**TASK BRIEF:**
For this exercise, retype each line of the material below verbatim and omit any picture.
== Segment start ==
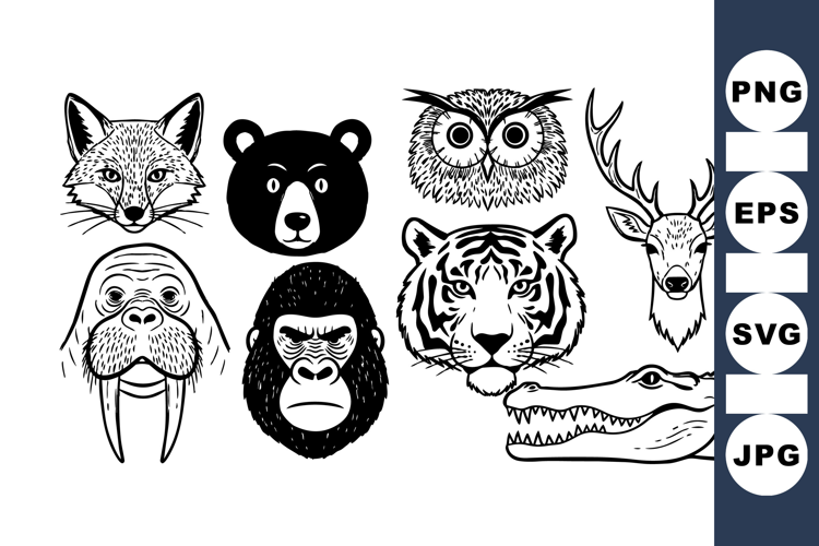 Wild Animal Head Vector Clipart Bundle for Crafts example image 1
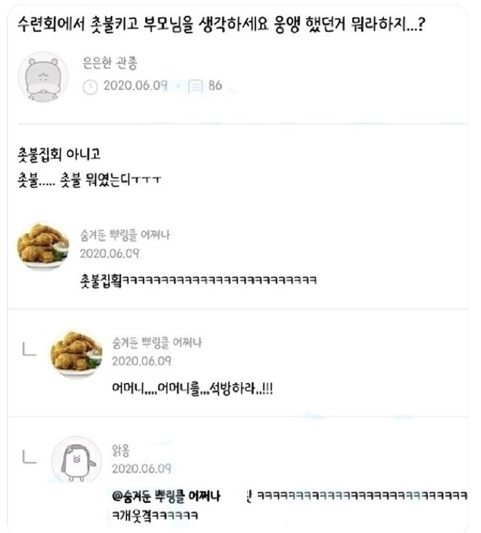 [흥미돋]수련회에서 촛불 들고 부모님을 생각하세요 했던 거 뭐라하지? 작성자나승현|작성시간23.12.21|조회수4,728 목록 댓글 14 글자크기 작게가 글자크기 크게가 출처 : https://www.instagram.com/p/C1DrfWKph5J/?igsh=c2RwMHRyZ2Nod3Mx 다음검색 현재 게시글 추가 기능 열기 북마크 공유하기 신고 센터로 신고 댓글 댓글 14 댓글쓰기 답글쓰기 댓글 리스트 작성자마룽 하이롱 | 작성시간 23.12.21 촛불의식 ㅋㅋㅋㅋㅋ 작성자망그라진곰 | 작성시간 23.12.21 촛불의식ㅋㅋㅋ 작성자갓생살날온다 | 작성시간 23.12.21 캠프파이어 작성자필리스 | 작성시간 23.12.21 어…어머니를…석방하라…!!!0 답댓글 작성자뽀송맘 | 작성시간 23.12.21 ㅋㅋㅋㅋㅋㅋㅋㅋㅋㅋㅋㅋㅋㅋㅋㅋㅋㅋㅋㅋㅋㅌ 댓글 전체보기
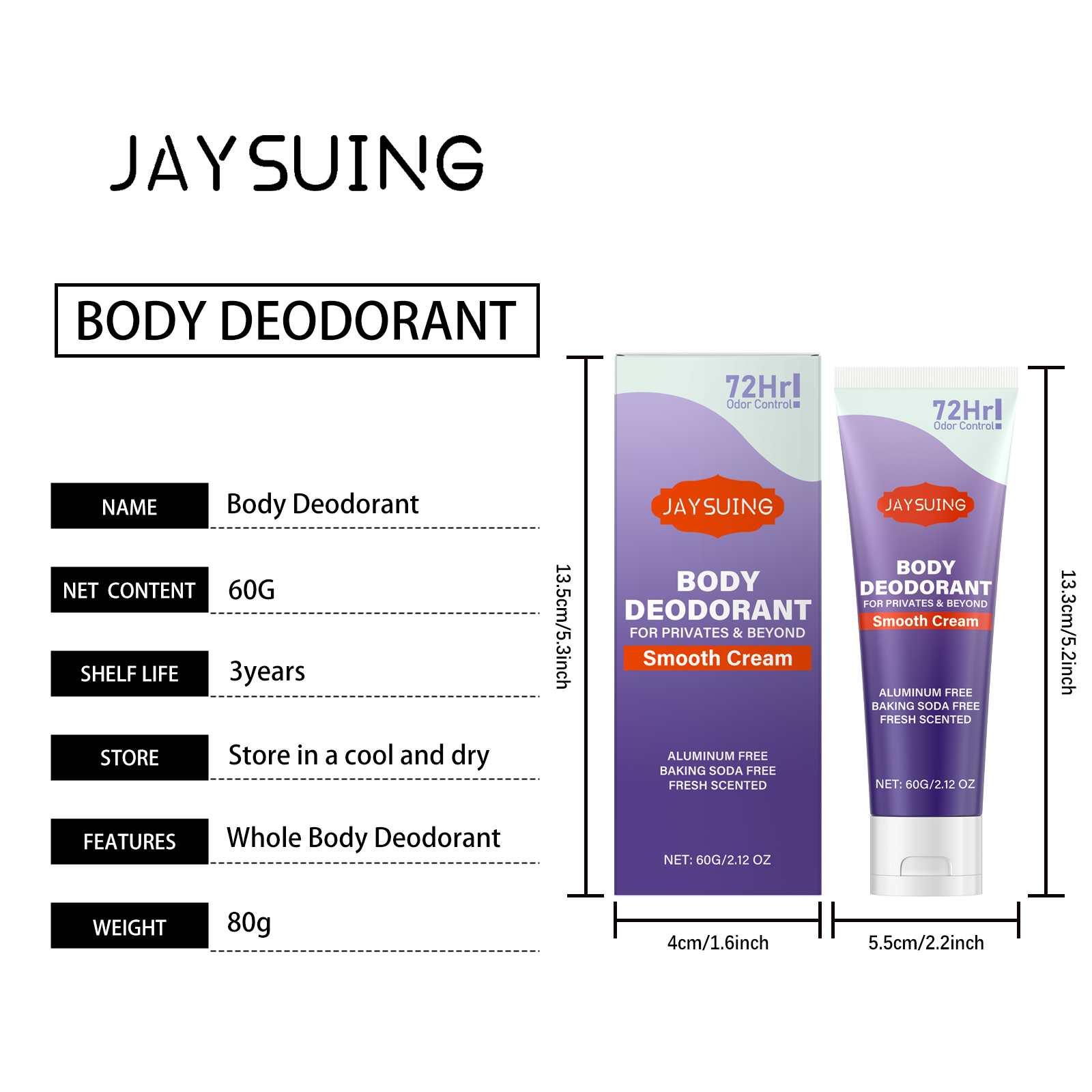 Discover the refreshing experience of Jaysuing Vanilla Body Care Cream. This lightweight formula absorbs quickly to provide long-lasting freshness and a delicate vanilla scent. Enriched with Vanilla Extract and Hyaluronic Acid, it helps moisturize and soften skin while neutralizing unwanted odors. The non-greasy, non-sticky texture ensures comfortable wear, making it suitable for all skin types, including sensitive skin. Use daily to keep your skin feeling smooth, fresh, and subtly fragranced. Ideal for on-the-go freshness, this body cream is your perfect companion for confident, all-day comfort. Note: This product is intended for cosmetic use to enhance skin appearance and provide a pleasant fragrance. It is not designed to treat or prevent any medical conditions.
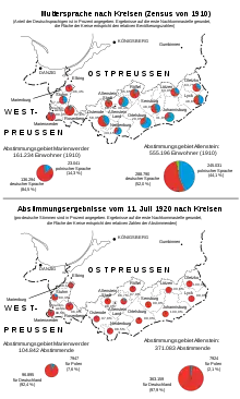Dans le district de vote d'Allenstein, plus de 97 % des électeurs ont voté pour rester au sein de la Prusse orientale, et donc de l'Empire allemand, et contre une cession à la deuxième République polonaise ; dans le district de vote de Marienwerder, ce sont plus de 92 % qui ont fait ce choix[2]. Ces résultats sont remarquables dans la mesure où une partie importante de la population des zones de vote était de langue maternelle polonaise. Les résultats du plébiscite ont cependant été fortement influencés par la guerre soviéto-polonaise alors en cours, alors que l'armée polonaise était sur la défensive et que l'Armée rouge semblait avancer inexorablement vers Varsovie. De nombreux Polonais de la région ont donc opté pour l'incorporation à l'Allemagne plutôt que de risquer une éventuelle occupation soviétique.
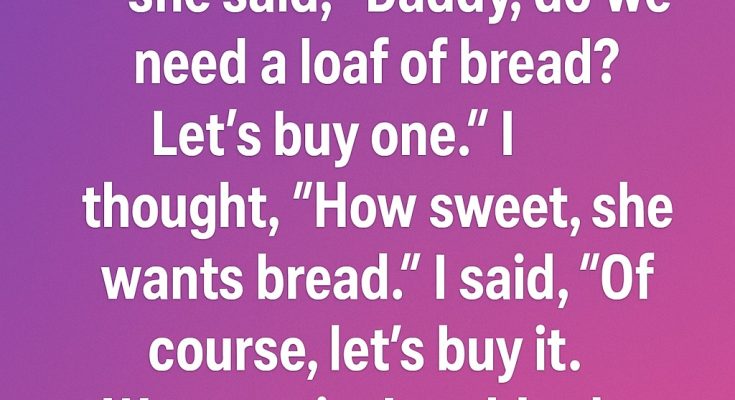 “Of course, sweetheart,” I replied. “Let’s go get one.”We walked inside, picked out a warm, fresh loaf, and headed to the counter. I paid for it, imagining how happy she’d be to have some bread with butter when we got home.As we stepped outside, she looked up at me with a big grin and said,“Great!
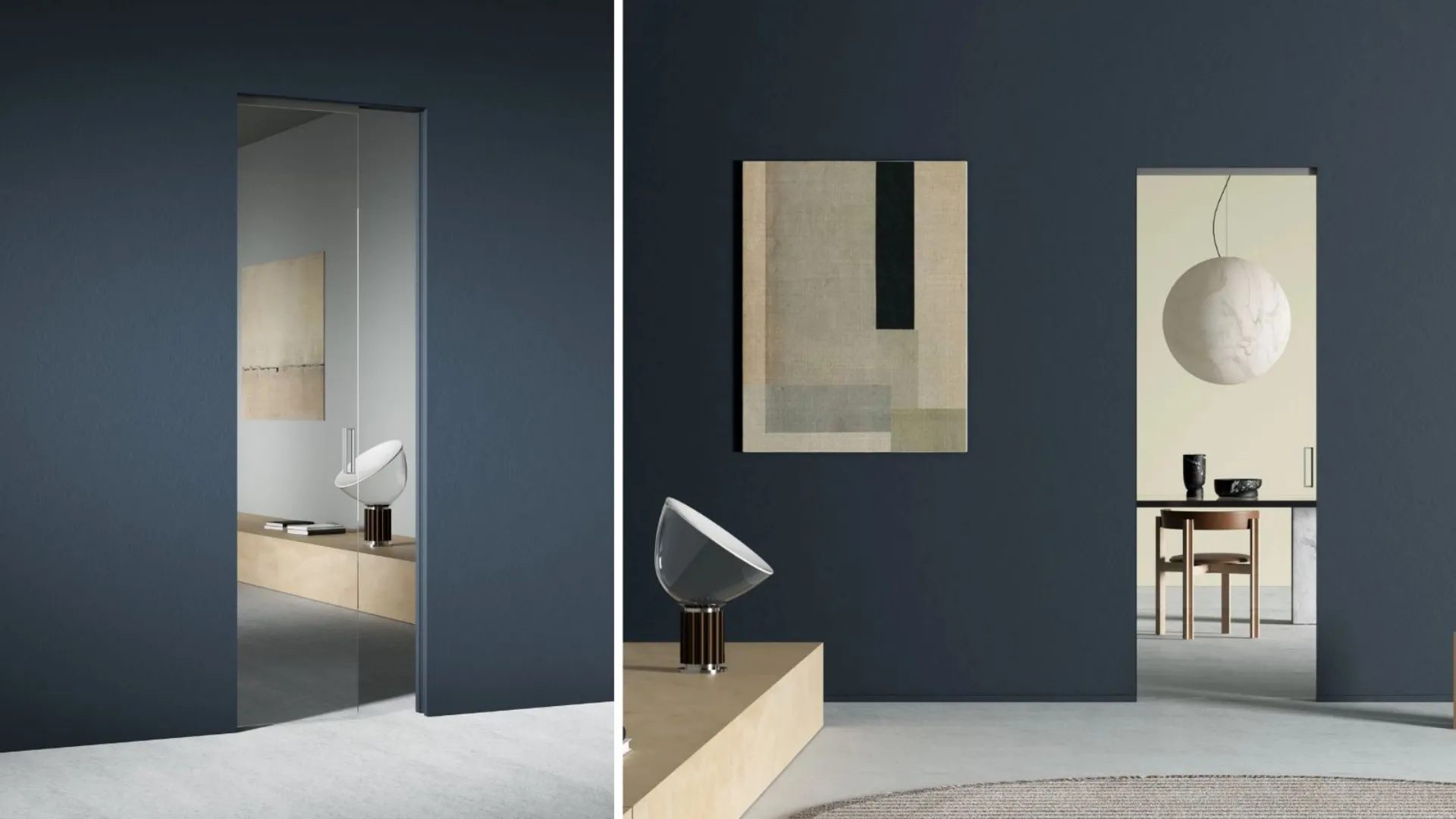 - Scorrevole interno muro (a scomparsa): è la soluzione perfetta durante le fasi di ristrutturazione o nuova costruzione. L'anta in vetro scivola all'interno di un controtelaio metallico murato o inserito nel cartongesso. La parete rimane completamente libera per ospitare mobili, lampade da terra, termoarredi di design o quadri.
== Segment end ==
**RESULT OF THE TASK:**
 Wild Animal Head Vector Clipart Bundle for Crafts example image 1
 [흥미돋]수련회에서 촛불 들고 부모님을 생각하세요 했던 거 뭐라하지? 작성자나승현|작성시간23.12.21|조회수4,728 목록 댓글 14 글자크기 작게가 글자크기 크게가 출처 : https://www.instagram.com/p/C1DrfWKph5J/?igsh=c2RwMHRyZ2Nod3Mx 다음검색 현재 게시글 추가 기능 열기 북마크 공유하기 신고 센터로 신고 댓글 댓글 14 댓글쓰기 답글쓰기 댓글 리스트 작성자마룽 하이롱 | 작성시간 23.12.21 촛불의식 ㅋㅋㅋㅋㅋ 작성자망그라진곰 | 작성시간 23.12.21 촛불의식ㅋㅋㅋ 작성자갓생살날온다 | 작성시간 23.12.21 캠프파이어 작성자필리스 | 작성시간 23.12.21 어…어머니를…석방하라…!!!0 답댓글 작성자뽀송맘 | 작성시간 23.12.21 ㅋㅋㅋㅋㅋㅋㅋㅋㅋㅋㅋㅋㅋㅋㅋㅋㅋㅋㅋㅋㅋㅌ 댓글 전체보기
 Discover the refreshing experience of Jaysuing Vanilla Body Care Cream. This lightweight formula absorbs quickly to provide long-lasting freshness and a delicate vanilla scent. Enriched with Vanilla Extract and Hyaluronic Acid, it helps moisturize and soften skin while neutralizing unwanted odors. The non-greasy, non-sticky texture ensures comfortable wear, making it suitable for all skin types, including sensitive skin. Use daily to keep your skin feeling smooth, fresh, and subtly fragranced. Ideal for on-the-go freshness, this body cream is your perfect companion for confident, all-day comfort. Note: This product is intended for cosmetic use to enhance skin appearance and provide a pleasant fragrance. It is not designed to treat or prevent any medical conditions.
Dans le district de vote d'Allenstein, plus de 97 % des électeurs ont voté pour rester au sein de la Prusse orientale, et donc de l'Empire allemand, et contre une cession à la deuxième République polonaise ; dans le district de vote de Marienwerder, ce sont plus de 92 % qui ont fait ce choix[2]. Ces résultats sont remarquables dans la mesure où une partie importante de la population des zones de vote était de langue maternelle polonaise. Les résultats du plébiscite ont cependant été fortement influencés par la guerre soviéto-polonaise alors en cours, alors que l'armée polonaise était sur la défensive et que l'Armée rouge semblait avancer inexorablement vers Varsovie. De nombreux Polonais de la région ont donc opté pour l'incorporation à l'Allemagne plutôt que de risquer une éventuelle occupation soviétique.
 “Of course, sweetheart,” I replied. “Let’s go get one.”We walked inside, picked out a warm, fresh loaf, and headed to the counter. I paid for it, imagining how happy she’d be to have some bread with butter when we got home.As we stepped outside, she looked up at me with a big grin and said,“Great!
 - Scorrevole interno muro (a scomparsa): è la soluzione perfetta durante le fasi di ristrutturazione o nuova costruzione. L'anta in vetro scivola all'interno di un controtelaio metallico murato o inserito nel cartongesso. La parete rimane completamente libera per ospitare mobili, lampade da terra, termoarredi di design o quadri.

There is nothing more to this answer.